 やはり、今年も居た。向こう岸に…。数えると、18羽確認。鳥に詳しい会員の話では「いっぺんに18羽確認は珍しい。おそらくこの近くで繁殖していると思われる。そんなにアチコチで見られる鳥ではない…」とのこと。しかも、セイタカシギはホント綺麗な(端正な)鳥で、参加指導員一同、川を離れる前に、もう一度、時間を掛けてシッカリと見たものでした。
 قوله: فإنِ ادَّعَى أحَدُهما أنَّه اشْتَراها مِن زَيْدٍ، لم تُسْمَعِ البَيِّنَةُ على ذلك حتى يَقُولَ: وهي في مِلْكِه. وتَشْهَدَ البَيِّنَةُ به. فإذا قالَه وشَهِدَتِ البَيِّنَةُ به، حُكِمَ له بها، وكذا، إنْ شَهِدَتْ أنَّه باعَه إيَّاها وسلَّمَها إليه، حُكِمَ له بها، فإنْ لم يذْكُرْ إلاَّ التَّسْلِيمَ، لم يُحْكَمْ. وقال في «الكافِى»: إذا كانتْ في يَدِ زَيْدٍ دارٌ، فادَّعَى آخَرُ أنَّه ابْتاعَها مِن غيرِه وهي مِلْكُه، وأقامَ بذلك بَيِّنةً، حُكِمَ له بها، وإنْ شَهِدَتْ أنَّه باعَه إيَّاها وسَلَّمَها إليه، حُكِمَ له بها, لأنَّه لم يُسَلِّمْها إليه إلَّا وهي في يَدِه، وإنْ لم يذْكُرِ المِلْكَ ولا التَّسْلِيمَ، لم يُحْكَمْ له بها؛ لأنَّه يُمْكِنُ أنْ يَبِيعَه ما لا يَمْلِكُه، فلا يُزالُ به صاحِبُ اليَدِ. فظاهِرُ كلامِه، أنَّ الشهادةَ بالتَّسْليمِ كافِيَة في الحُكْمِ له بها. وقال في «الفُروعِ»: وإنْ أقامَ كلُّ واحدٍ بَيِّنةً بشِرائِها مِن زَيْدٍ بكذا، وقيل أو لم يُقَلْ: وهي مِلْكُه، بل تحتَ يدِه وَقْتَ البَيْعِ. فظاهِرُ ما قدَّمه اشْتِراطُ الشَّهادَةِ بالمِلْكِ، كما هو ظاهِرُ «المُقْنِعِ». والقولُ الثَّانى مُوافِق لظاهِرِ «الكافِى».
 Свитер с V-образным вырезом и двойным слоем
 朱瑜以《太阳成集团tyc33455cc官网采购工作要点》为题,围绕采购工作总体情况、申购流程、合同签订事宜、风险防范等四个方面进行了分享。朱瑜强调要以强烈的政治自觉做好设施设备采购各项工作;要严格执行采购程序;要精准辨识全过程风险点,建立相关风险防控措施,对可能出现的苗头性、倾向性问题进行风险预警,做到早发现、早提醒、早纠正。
☆ ☆ ☆
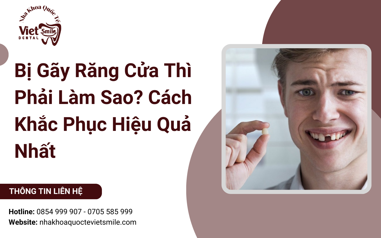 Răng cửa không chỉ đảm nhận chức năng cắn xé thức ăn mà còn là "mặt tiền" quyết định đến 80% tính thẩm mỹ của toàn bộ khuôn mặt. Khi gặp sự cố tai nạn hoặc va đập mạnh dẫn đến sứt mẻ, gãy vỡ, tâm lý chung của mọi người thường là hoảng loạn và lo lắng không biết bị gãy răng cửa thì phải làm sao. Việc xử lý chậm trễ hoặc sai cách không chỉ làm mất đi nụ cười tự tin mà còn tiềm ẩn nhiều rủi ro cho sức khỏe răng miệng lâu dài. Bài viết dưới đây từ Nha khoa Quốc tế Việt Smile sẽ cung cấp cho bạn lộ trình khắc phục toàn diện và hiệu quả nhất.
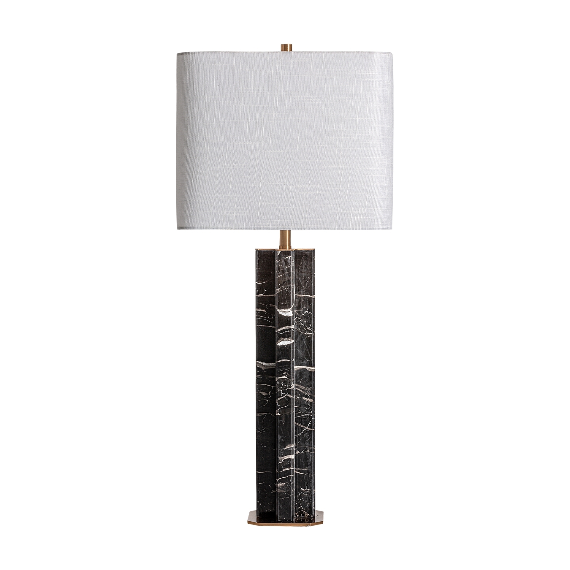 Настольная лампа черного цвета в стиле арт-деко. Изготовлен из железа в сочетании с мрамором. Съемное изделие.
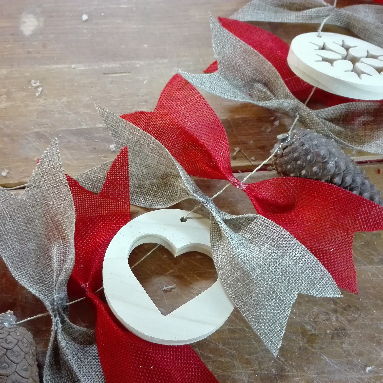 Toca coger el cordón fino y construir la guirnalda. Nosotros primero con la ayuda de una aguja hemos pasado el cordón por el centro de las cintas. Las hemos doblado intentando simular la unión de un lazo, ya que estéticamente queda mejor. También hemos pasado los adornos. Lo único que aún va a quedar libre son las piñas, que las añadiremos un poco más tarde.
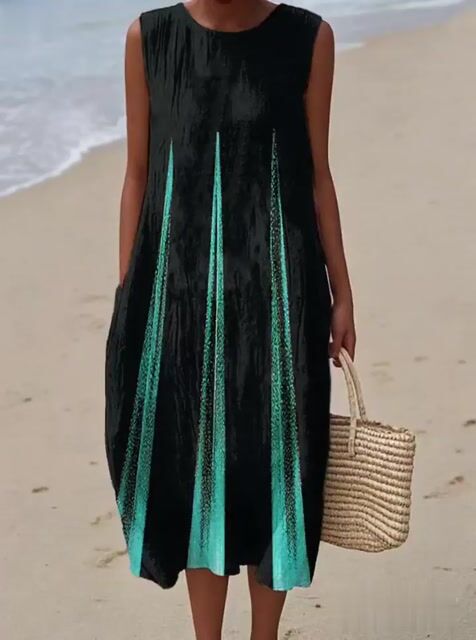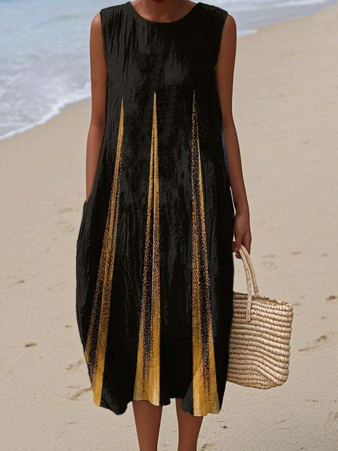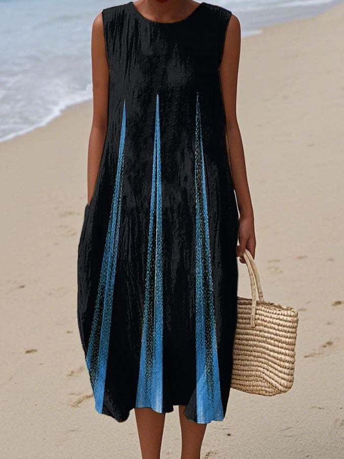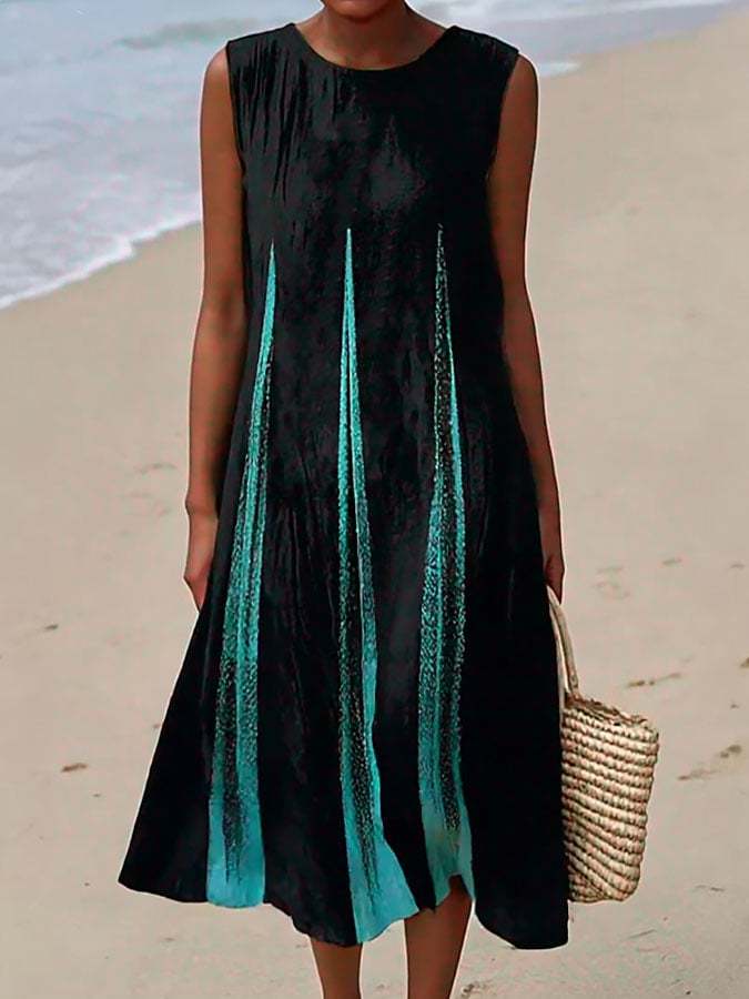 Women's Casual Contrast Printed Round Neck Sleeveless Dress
☆ ☆ ☆
(Try it): Write out the lines above from the one with "Toca coger el" through the one with "Women's Casual Contrast", ends included, exactly; no picture goes in.

(Your solution):
 Toca coger el cordón fino y construir la guirnalda. Nosotros primero con la ayuda de una aguja hemos pasado el cordón por el centro de las cintas. Las hemos doblado intentando simular la unión de un lazo, ya que estéticamente queda mejor. También hemos pasado los adornos. Lo único que aún va a quedar libre son las piñas, que las añadiremos un poco más tarde.
 Women's Casual Contrast Printed Round Neck Sleeveless Dress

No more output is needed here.